In that case, Dublin City Council prosecuted the artists over a mural titled Think & Wonder. It appeared on the gable end of Granthams cafe, 5/6 Camden Market, Grantham Street, facing Pleasant Place, on the city’s south side in 2019.

The council accused the group, with an address at Zion Court, Rathgar, Dublin 6, of not complying with an enforcement notice to remove the mural.

The artists were not represented at the hearing but subsequently succeeded in getting the conviction and order set aside to allow a new trial. The case was listed again on Tuesday to select the date.

Judge Halpin ordered that it would take place on June 17th.

The council’s solicitor Michael Quinlan told Judge Halpin that another prosecution against the art group scheduled for March 3rd would also go back to a later date.

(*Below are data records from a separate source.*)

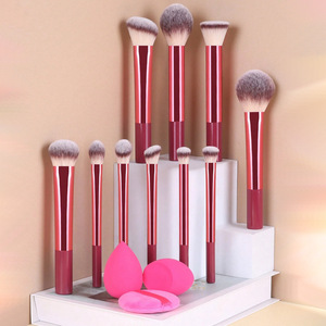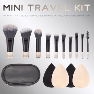 跨境新款初学10支迷你化妆刷套装水晶柄便携粉底刷眼影刷送刷包
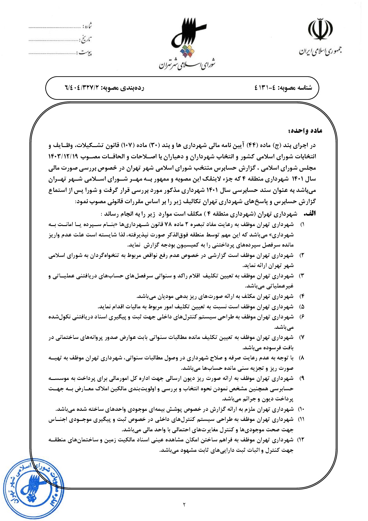 گزارش حسابرسي سال مالي 1401 شهرداري منطقه 4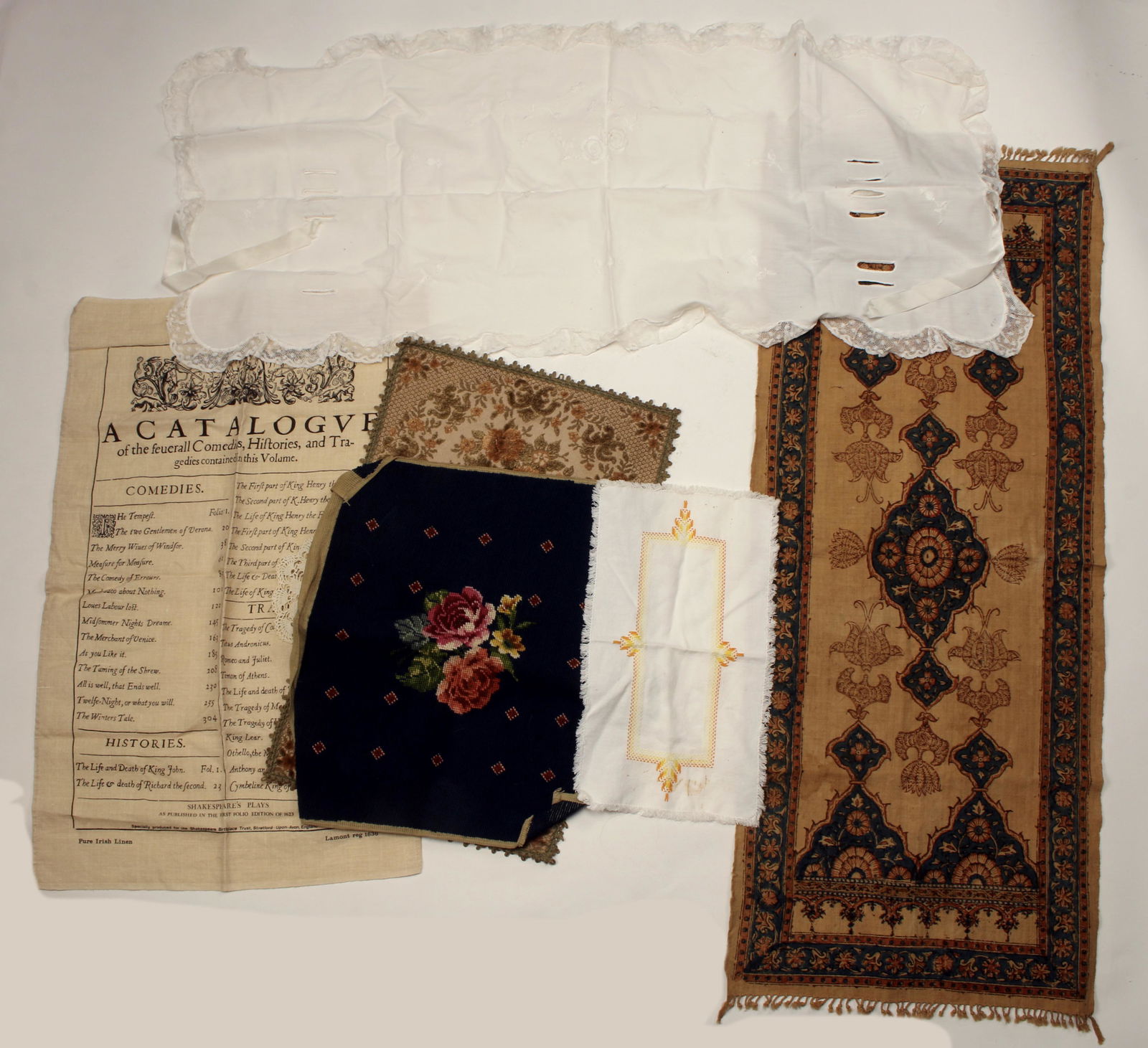 ASSORTED VINTAGE NEEDLEWORK AND LINENS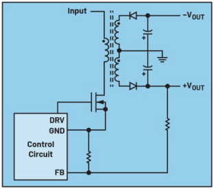 如果出于隔离目的而需要变压器(比如在反激式转换器中),那么只需在输出侧增加另一个绕组,就能非常容易地产生正负输出电压。在这个变压器上,通过设置多个绕向不同的绕组,并配合使用隔离二极管,就能够产生正电压或负电压,如图9所示。例如,LT8306无需使用光耦合器来进行反馈,从而节省了物料清单成本。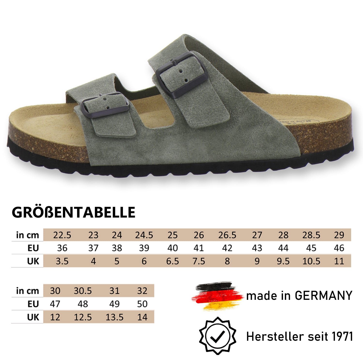 Ces chaussures confortables sont fabriquées à 100% en Allemagne et garantissent une haute qualité. Le cuir exclusivement de haute qualité, utilisé aussi bien comme doublure que comme matériau extérieur des pantoufles, provient d'Italie et d'Espagne.

It related to the Attenborough mural just off the South Circular Road and the Horseboy painting on a gable end just off Church Street, Dublin 7.

Judge Halpin ordered it be heard on June 16th, and he noted expert witnesses would be called to give evidence.

He said the issue would be whether each mural constituted a development or had artistic licence if it were not a development.

Describing it as an interesting case, the judge said the evidence about the Attenborough and Horseboy paintings could truncate the evidence in the following day’s hearing over the Think & Wonder mural.